Вот и получается нечто грустное: все стократ расхваленные реформы Петра — это или чисто внешние переименования (Думы в конзилию, потом в Сенат), или даже вредные изменения, плодящие чиновничество и создающие органы управления ХУДШИЕ, чем были раньше. Как коллегия хуже приказа, а губерния хуже уезда.
Впрочем, все это во многом лирика, потому что все и старые, и новые учреждения при Петре почти что и не правили. Страна жила в режиме управления всего одним, но «зато» всевластным человеком.
Уже в 1704 году, после очередного стона царя «возможно ли одному человеку за столь многими усмотрить!» (а зачем за всеми постоянно «усматривать»?! В этом вовсе и нет никакой необходимости… — А. Б.), был создан Кабинет — личная канцелярия царя с немалым штатом чиновников во главе с Алексеем Васильевичем Макаровым.
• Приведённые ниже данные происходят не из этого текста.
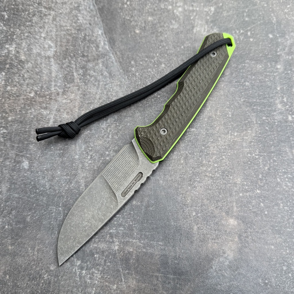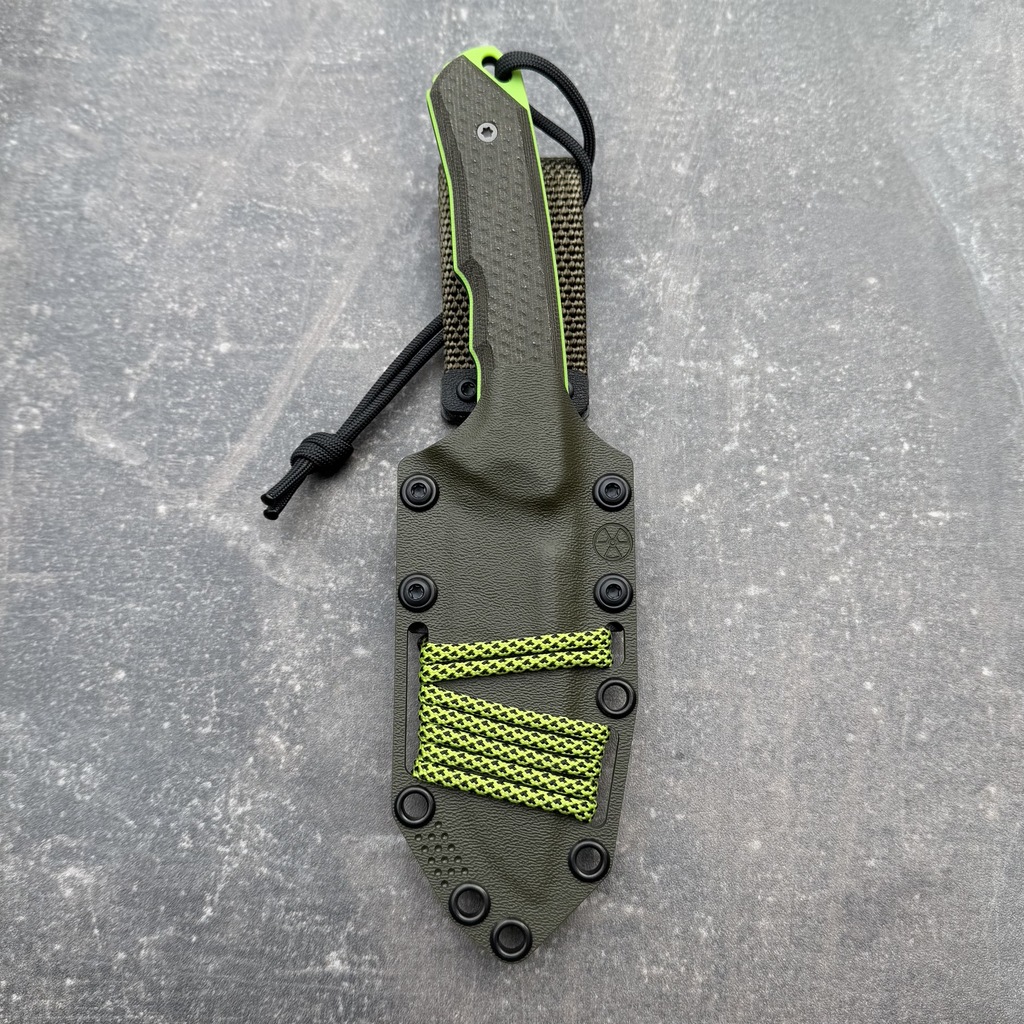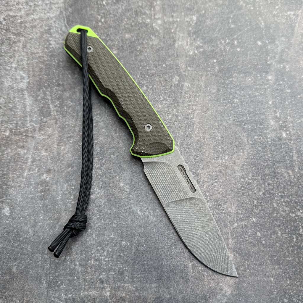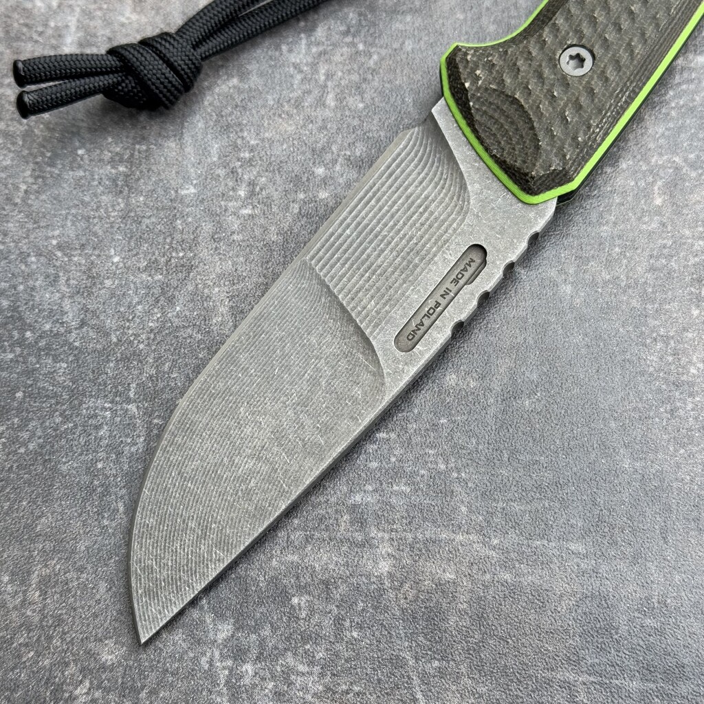 - Rękojeść: Zielona Micarta (Green Canvas Micarta) i jaskrawozielony laminat G10 (Toxic Green G10)
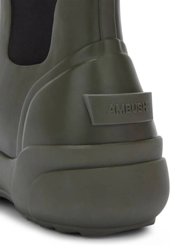 donkergroen/zwart logo-relif aan de achterkant vlakken ronde neus slip-on stijl enkellengte chunky rubberen zool
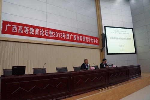 老校长纪宝成教授应邀赴广西参加广西高等教育论坛暨2013年度广西高等教育学会年会,并在当天下午作了题为《提高高等教育质量的几点思考》的专题报告。报告会由广西高教学会会长、原广西教育厅副厅长车芳仁主持。
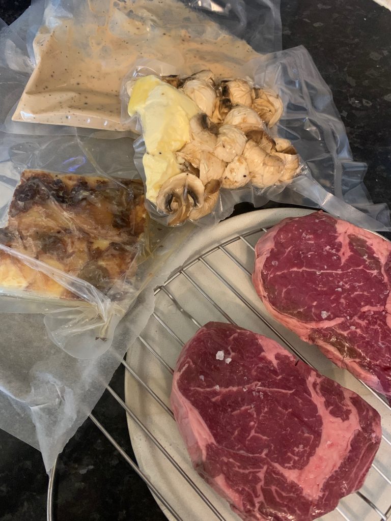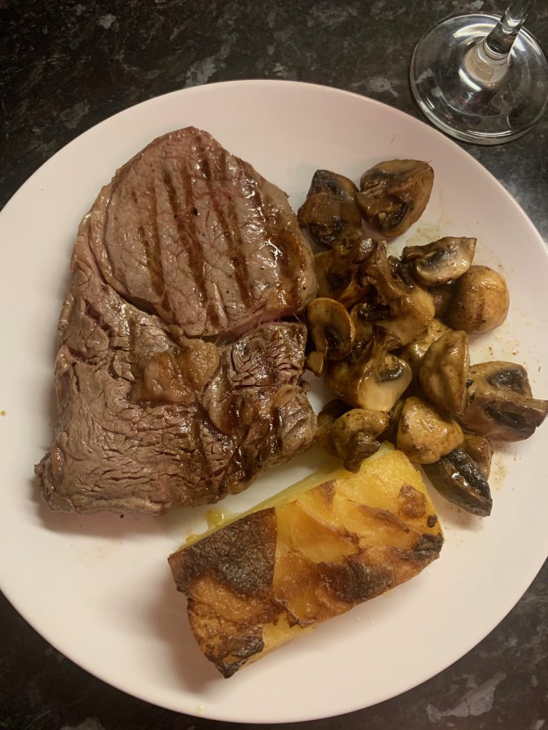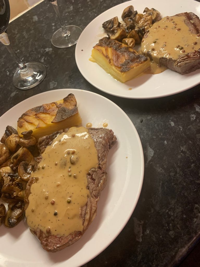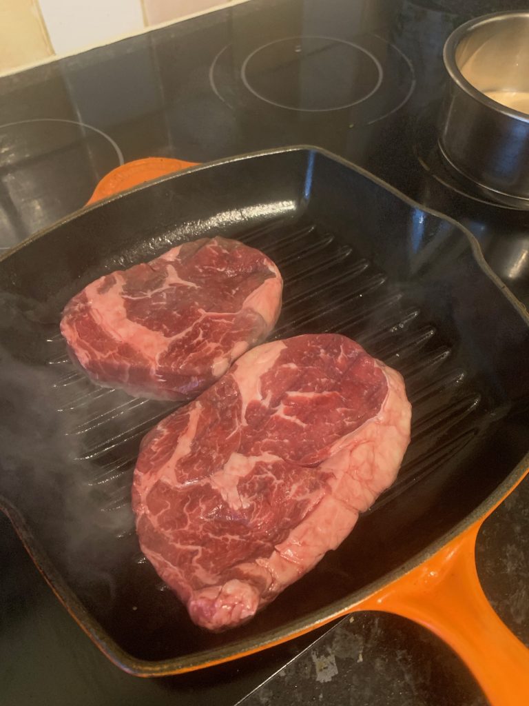 As you can understand this is a fluid situation, so check The Whippet Inn social media for the week’s menu but expect to find Sunday roasts and steaks at the core of the offering. I was lucky enough to bag a brace of ribeye steaks that came with dauphinoise potato, garlic mushrooms and a peppercorn sauce that came in at £30 for two portions. These came with practical instructions to get all your goodies onto the plate quickly, taking you though a series of steps designed for maximum concurrency in order to shorten the process. First I made sure the steaks would be at room temperature and well seasoned by the time they would hit the pan before kicking off the longest process, popping the portions of dauphinoise into the oven. At the same time, I got the sauce into a pan ready to heat slowly and heated my trusty griddle.
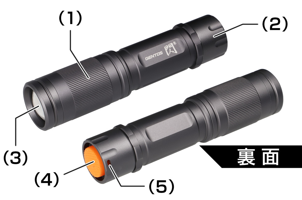 (1) ヘッド部 (2) テールキャップ (3) 白色LED (4) スイッチ (5) ストラップ穴
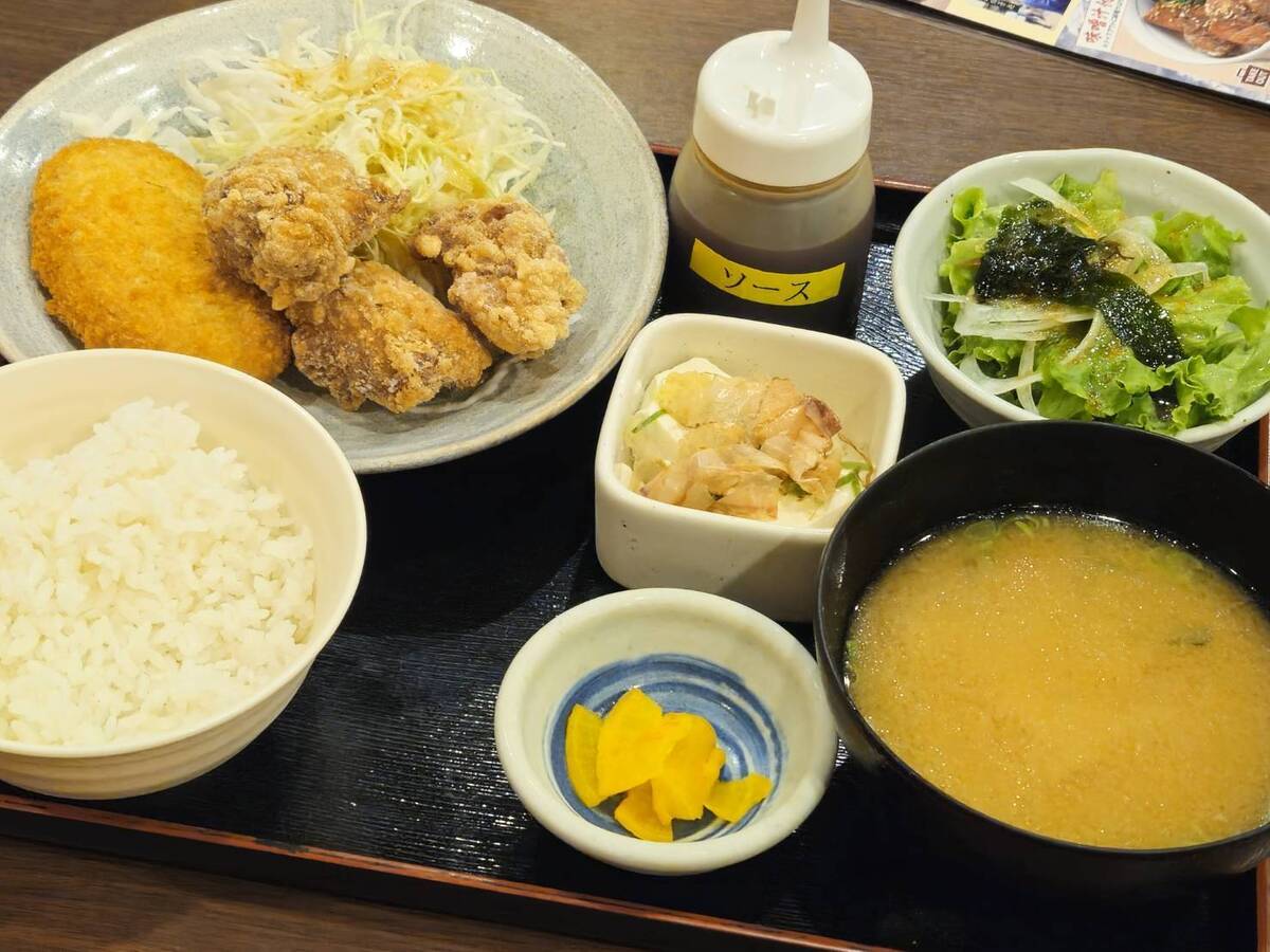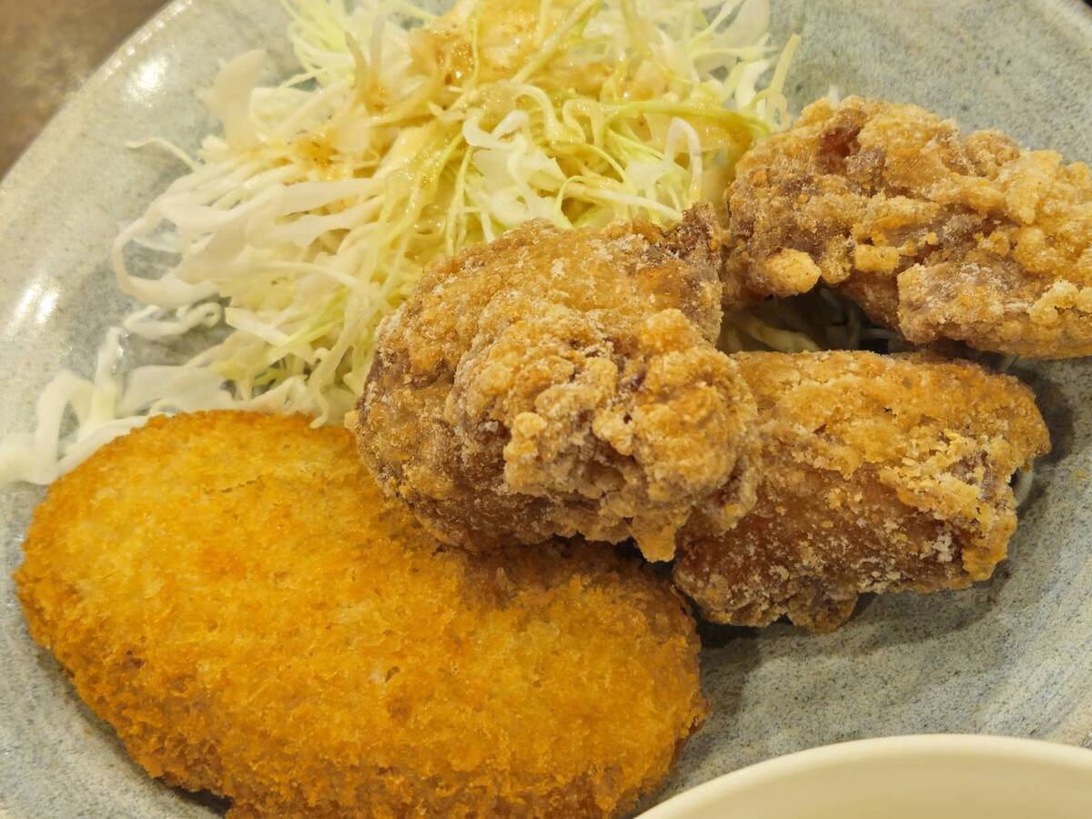 から揚げとコロッケの両方が味わえるセットです。

Была еще ближняя походная канцелярия во главе с все тем же Зотовым, «ближним советником и ближним канцелярии генерал–президентом», эта канцелярия везде ездила за царем. Но главной канцелярией был все же Кабинет, и Макаров приобрел колоссальное значение: ведь именно он решал, какая бумага ляжет на стол царю сегодня, а какая — только послезавтра. И, конечно же, Макаров всегда мог представить документ таким образом, чтобы решение по нему было бы положительным… или отрицательным.